WHAT IS NEEDED »
None of the images should appear in your copy. Transcribe the data in full.

SUPPLIED MATERIAL »
* * * * * * *

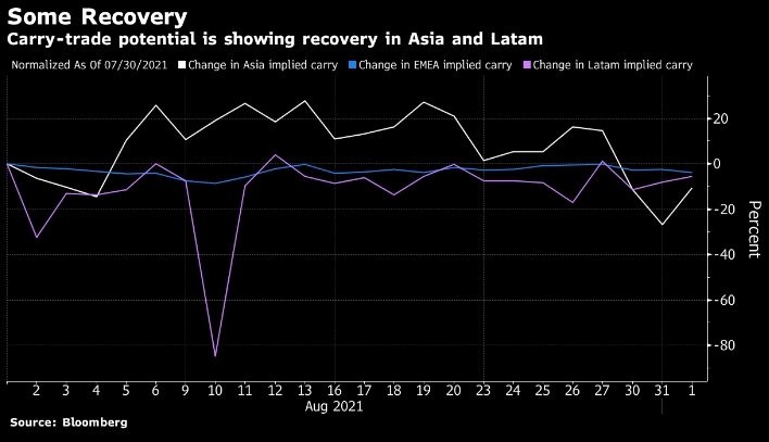 Предполагаемая доходность рубля с поправкой на волатильность, например, выросла более чем на 200 базисных пунктов до 20-месячного максимума после повышения ставки в июле, и еще одно ожидается на этой неделе. И хотя в прошлом месяце предполагаемая доходность в регионах с формирующимся рынком снизилась, в Азии и Латинской Америке уже наблюдается некоторое восстановление.
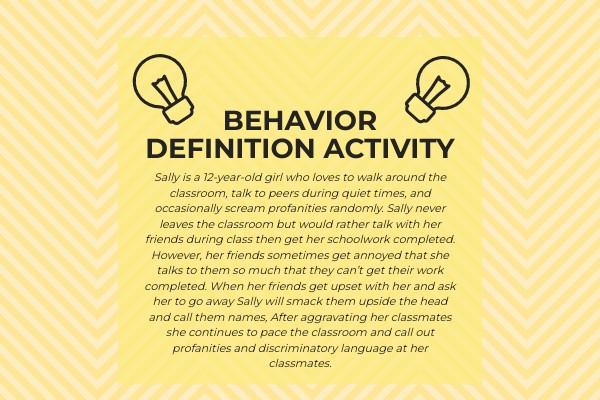 Sally is a 12-year-old girl who loves to walk around the classroom, talk to peers during quiet times, and occasionally scream profanities randomly. Sally never leaves the classroom but would rather talk with her friends during class then get her schoolwork completed. However, her friends sometimes get annoyed that she talks to them so much that they can’t get their work completed. When her friends get upset with her and ask her to go away Sally will smack them upside the head and call them names, After aggravating her classmates she continues to pace the classroom and call out profanities and discriminatory language at her classmates.
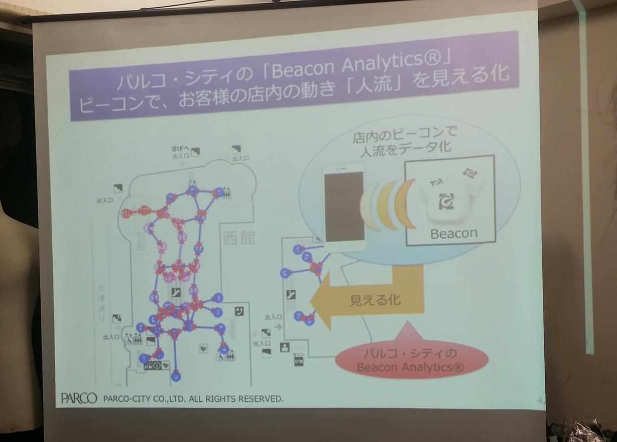 唐笠氏:ビーコンを使った施策でいうと、名古屋パルコ館内にビーコンを多数設置し、お客様に専用のアプリをインストールしたスマホを持ってお買い物をしていただくという実験をしました。

* * * * * * *

REPLY TO THE EXERCISE »
 Предполагаемая доходность рубля с поправкой на волатильность, например, выросла более чем на 200 базисных пунктов до 20-месячного максимума после повышения ставки в июле, и еще одно ожидается на этой неделе. И хотя в прошлом месяце предполагаемая доходность в регионах с формирующимся рынком снизилась, в Азии и Латинской Америке уже наблюдается некоторое восстановление.
 Sally is a 12-year-old girl who loves to walk around the classroom, talk to peers during quiet times, and occasionally scream profanities randomly. Sally never leaves the classroom but would rather talk with her friends during class then get her schoolwork completed. However, her friends sometimes get annoyed that she talks to them so much that they can’t get their work completed. When her friends get upset with her and ask her to go away Sally will smack them upside the head and call them names, After aggravating her classmates she continues to pace the classroom and call out profanities and discriminatory language at her classmates.
 唐笠氏:ビーコンを使った施策でいうと、名古屋パルコ館内にビーコンを多数設置し、お客様に専用のアプリをインストールしたスマホを持ってお買い物をしていただくという実験をしました。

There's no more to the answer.